Fields: key, val, left, right
Implementation
An inner class of BST nodes:
private class Node{
private Key key;
private Value val;
private Node left, right;
public Node(Key k, Value v){...}
}
skeleton implementation of BST:
public class BST<Key implements Comparable<Key>, Value>{
private Node root;
private class Node{...}
public Value get(Key k){...}
public void put(Key k, Value v){}
public void delete(Key k){}
public Iterable<Key> iterator(){}
}
search
recursive version:
(或者把这个函数写到Node类里面也可以. )
private Value get(Node nd, Key k){
if(nd==null) return null; // search miss
int cmp = k.compareTo(nd.key);
if(cmp==0) return nd.val; // search hit
else if (cmp>0) return get(nd.right, k);
else return get(nd.left, k);
}
non-recursive version:
public Value get(Key k){
Node nd=root;
while(root!=null){
int cmp = k.compareTo(nd.key);
if (cmp==0) return nd.val;
else if(cmp>0) nd = nd.right;
else nd = nd.left;
}
return null;
}
insert
recursive version:
(注意这个recursive函数的返回值不是void! 这里是一个trick: 返回的是在分叉以前的那个节点)
private Node put(Node nd, Key k, Value v){
if(nd==null) return new Node(k, v);
int cmp = k.compareTo(nd.key);
if(cmp==0) nd.val = v;
else if(cmp>0) nd.right = put(nd.right, k, v);
else nd.left = put(nd.left, k, v);
return nd;
}
non-recursive version:
不如递归版本优美...
public void put(Key k, Value v){
Node nd = root;
while(true){
int cmp = k.compareTo(nd.key);
if(cmp==0) {
nd.val = v; break;
}
else if(cmp>0){
if(nd.right!=null) nd = nd.right;
else {nd.right = new Node(k,v); break;}
}
else if (nd.left!=null) {
if(nd.left!=null) nd = nd.left;
else {nd.left = new Node(k,v); break;}
}
}
}
Analysis
complexity: depth of the BST.
shape of BST: depends on how the keys come in (order of insertion).

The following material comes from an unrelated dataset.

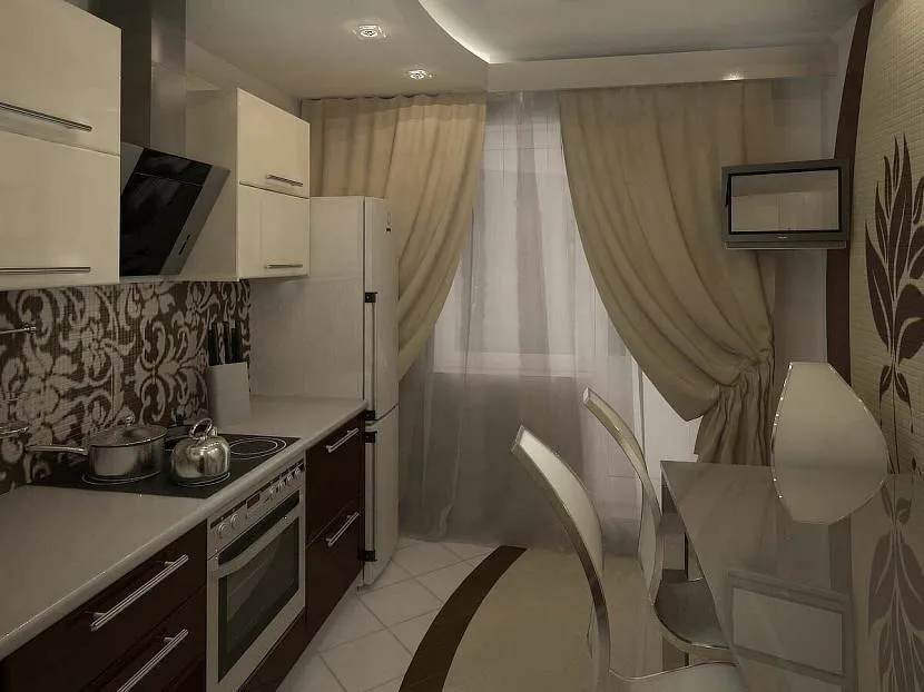 Малогабаритная кухня в доминантных цветах кофейного и бежевогоИсточник yandex.kz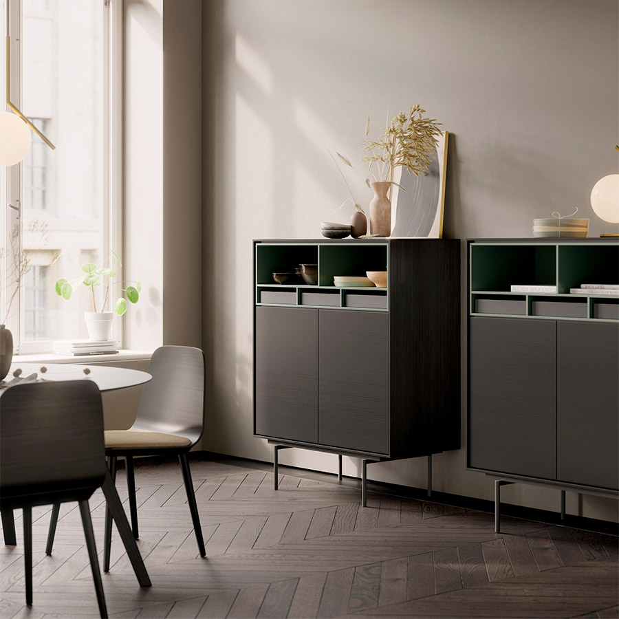 The Aura collection has been conceived mainly for sideboards and furniture for living rooms and dining rooms. Its design is inspired by the past and under the influence of the design culture of the Nordic countries, which know how to combine tradition and naturalness with large doses of modernity. The result: a collection full of memories that gives off a very modern aura. The metal and wood legs designed especially for the collection reinforce that retro and timeless look. The finish is very important: walnut and oak wood with a hyper-natural finish and a lacquered look which combine perfectly well with the wood.

if keys come in random order: could be pretty well balanced.
BST and quick-sort partitionning
The root of BST is just the pivot in quick sort partitioning *
if all keys are distinct ⇒ one-to-one correspondence between quick sort and BST.
⇒ proposition
if all keys are distinct and come in randome order, the average number of compares for a search/insert is ~2lnN (or 1.39lgN).
proof.*
证明见quicksort那里的数学推导...
proposition (Reed, 2003)
N distinct keys come in random order, average tree height = 4.300lnN
Worst-case:
The tree becomes just like a linked list: ~N for insertion and search
2. Oredered Operations in BST
task: ordered opeartions
min()/max()
: min/max keydeleteMin()/deleteMax()
floor(Key k)/ceiling(Key k)
: largest key <=k / smallest key >=krank(Key k)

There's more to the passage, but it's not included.